YOUR OBJECTIVE: Everything in the listing below must be reproduced exactly, apart from its images.

SUPPLIED INFORMATION:
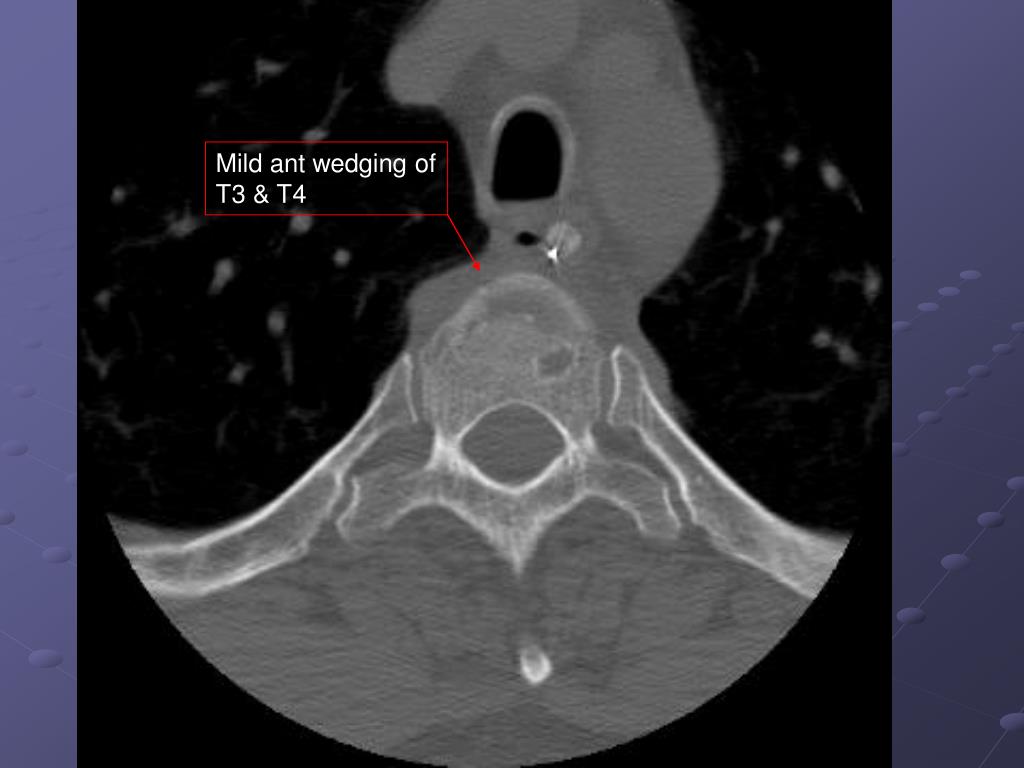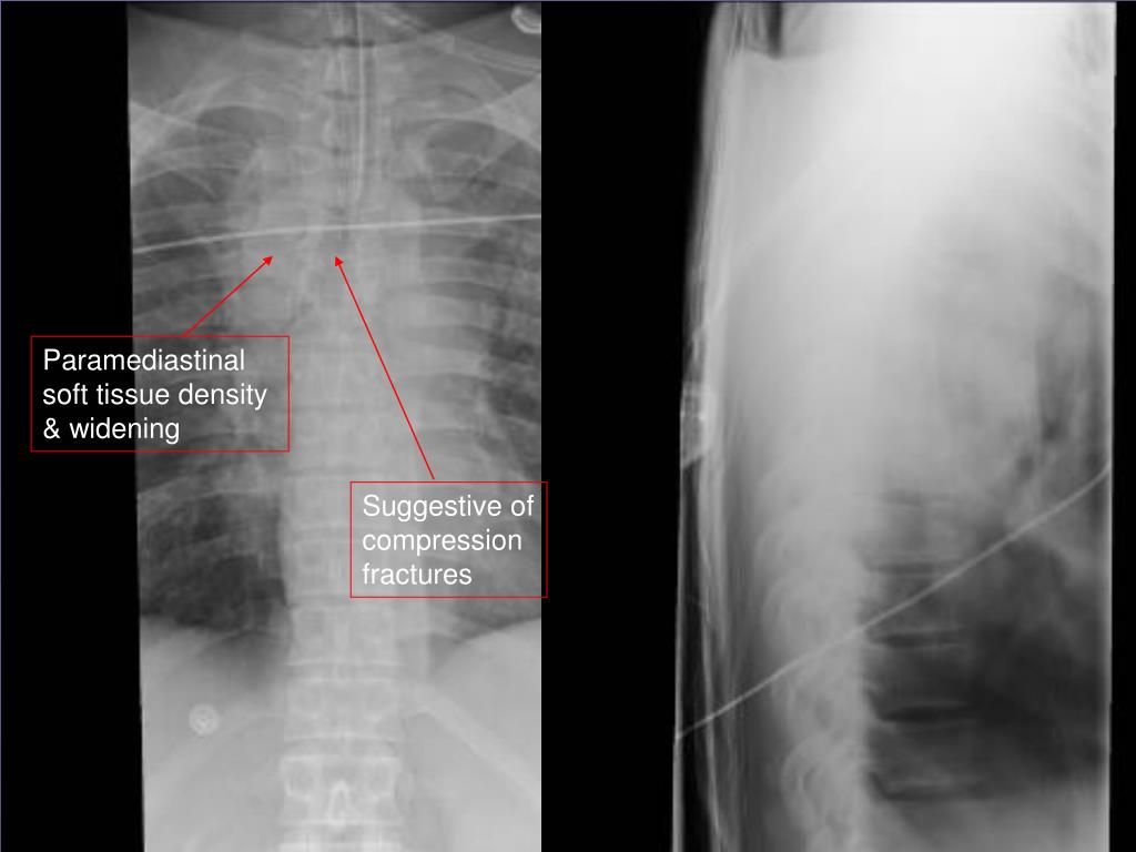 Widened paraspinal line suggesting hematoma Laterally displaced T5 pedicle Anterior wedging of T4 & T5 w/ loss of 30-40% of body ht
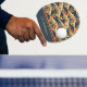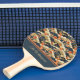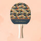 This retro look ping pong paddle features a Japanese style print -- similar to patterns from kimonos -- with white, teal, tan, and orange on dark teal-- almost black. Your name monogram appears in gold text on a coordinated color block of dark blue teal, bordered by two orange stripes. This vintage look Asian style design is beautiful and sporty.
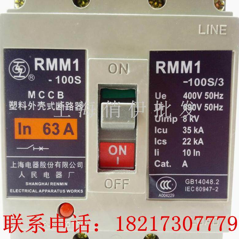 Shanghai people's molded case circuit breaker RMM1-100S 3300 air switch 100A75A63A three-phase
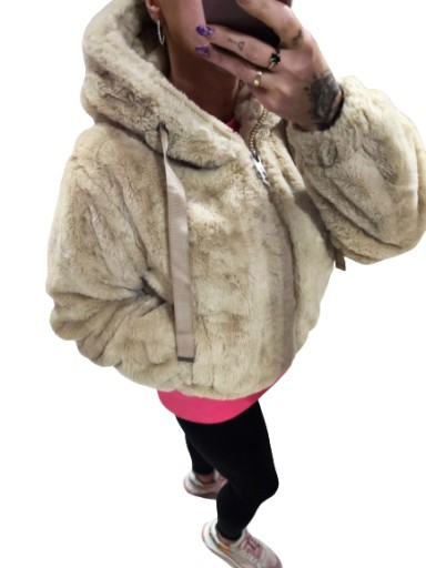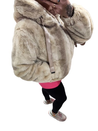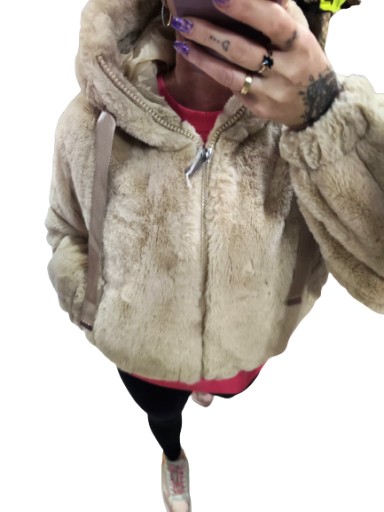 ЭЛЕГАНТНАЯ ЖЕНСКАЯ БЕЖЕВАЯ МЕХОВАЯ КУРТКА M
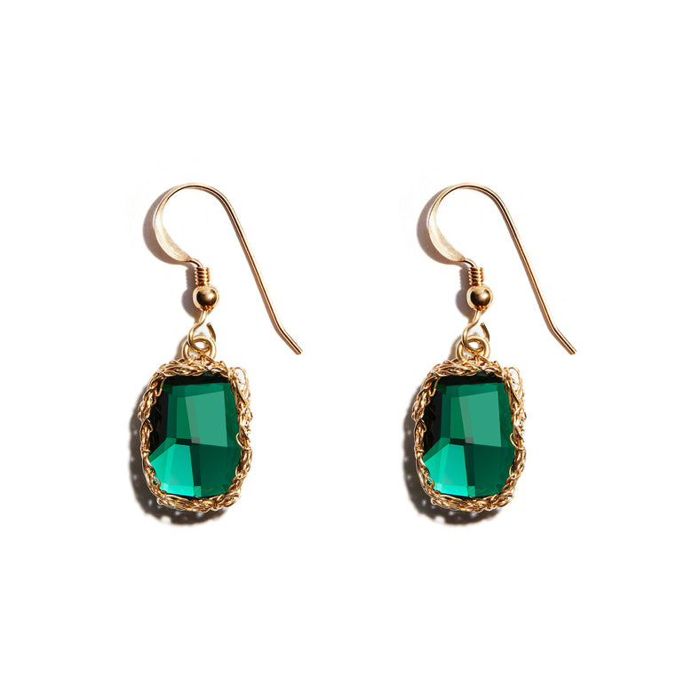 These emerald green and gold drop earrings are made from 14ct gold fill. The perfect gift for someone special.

EXERCISE RESPONSE:
 Widened paraspinal line suggesting hematoma Laterally displaced T5 pedicle Anterior wedging of T4 & T5 w/ loss of 30-40% of body ht
 This retro look ping pong paddle features a Japanese style print -- similar to patterns from kimonos -- with white, teal, tan, and orange on dark teal-- almost black. Your name monogram appears in gold text on a coordinated color block of dark blue teal, bordered by two orange stripes. This vintage look Asian style design is beautiful and sporty.
 Shanghai people's molded case circuit breaker RMM1-100S 3300 air switch 100A75A63A three-phase
 ЭЛЕГАНТНАЯ ЖЕНСКАЯ БЕЖЕВАЯ МЕХОВАЯ КУРТКА M
 These emerald green and gold drop earrings are made from 14ct gold fill. The perfect gift for someone special.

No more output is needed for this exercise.